The guy I was talking to had already sold off most of the lead ingots over the years.


----------



## CalgaryPT (Apr 17, 2020)

David_R8 said:


> There's a platten press in my future as my partner and I have dreams of a small letterpress shop. I love the smell of ink!


You would have loved my uncle's shop David. It even had ruling machines—long oak frame machines with conveyer belts and inked thread that put the lines on ruled paper. The entire shop smelled of ink and was deafening during the day with all the presses operating.


----------



## YYCHM (Apr 17, 2020)

CalgaryPT said:


> inked thread that put the lines on ruled paper



For what purpose?

Craig


----------



## CalgaryPT (Apr 17, 2020)

Remember the blue lines with red margins on your three hole punch paper in school? In the old days, this is how it was made. You had a huge machine, 12 or 15 feet long, with a giant conveyer belt that ran down its length. Just above this the pens and thread ran, dipped in ink. The paper sheets were fed under the thread and travelled along the belt, adding the coloured lines to the paper. The paper then ran above the operator about 8 feet high where it dried, then collecting into a pile. Seriously. This is how ruled paper was made.


----------



## CalgaryPT (Apr 17, 2020)

A variation using brass pens: 




To clarify, the normal process used pens and the thread just held down the paper. My uncle's shop invented a process where the threads were inked for specially jobs. Lots of ruling machines used variations on this. His shop also had an attached custom paper, wedding invitation and writing paper arm in the basement. They made artisan papers for the invitations and writing paper (for hotels) that were very thick and bumpy, so the brass pens didn't work to rule them w/o tearing the expensive paper. The smart machinery guys inked the thread instead, like they used to do ages ago. Pretty clever.


----------



## YYCHM (Apr 17, 2020)

Chicken lights said:


> https://museumofmaking.org/?gclid=C...pcwbyovTmIk4PVHWIAyYlofxf-fp3EWxoCWI4QAvD_BwE
> 
> Dang, that sounds like an all day field trip!
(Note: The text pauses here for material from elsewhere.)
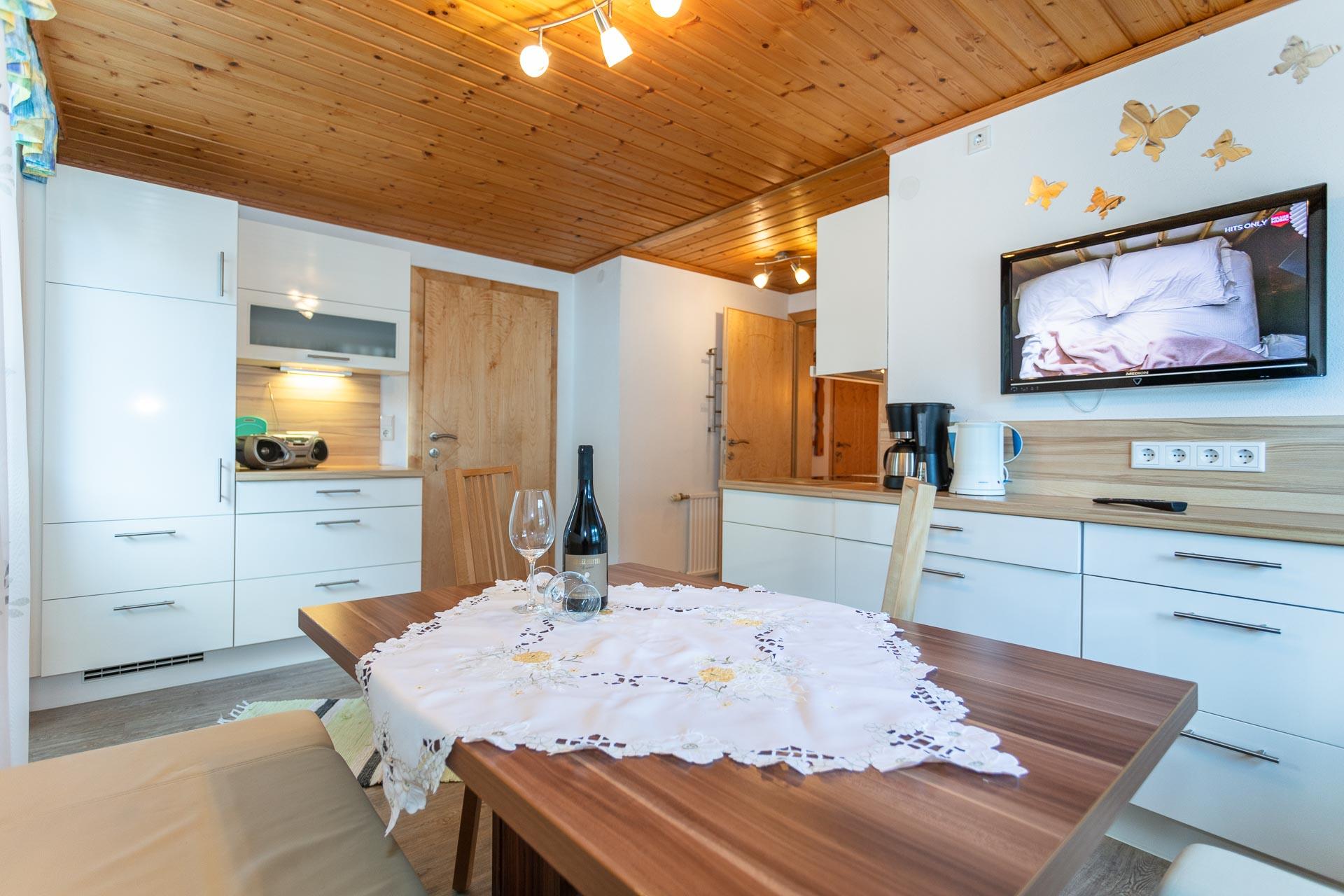 Schöne Ferienwohnung im 2 Stock. Gemütlich im ländlichen Still eingerichtet für 4 Personen. Sie besteht aus Vorraum Dusche/WC,Föhn, Wohnküche, Küchenblock mit Geschirr, 2 Doppelbettzimmern die getrennt vom Vorraum begehbar sind, gut geeignet für 4 P

I didn't know this existed  Right in our back yard to boot.  Maybe we should organize a Calgary area group tour once this COVID crap is behind us.

Craig


----------



## CalgaryPT (Apr 17, 2020)

It would be a good place for a meet-up.


----------



## YYCHM (Apr 17, 2020)

CalgaryPT said:


> It would be a good place for a meet-up.



My thoughts exactly!!


----------



## Dabbler (Apr 17, 2020)

I hope someone else has a easier time dealing with the MoM. They are a PRIVATE museum that is pretty hard to be allowed to see.  I saw it a few years ago with another member here, with my daughter.  It was time very well spent.


----------



## YYCHM (Apr 17, 2020)

Dabbler said:


> I hope someone else has a easier time dealing with the MoM. They are a PRIVATE museum that is pretty hard to be allowed to see.  I saw it a few years ago with another member here, with my daughter.  It was time very well spent.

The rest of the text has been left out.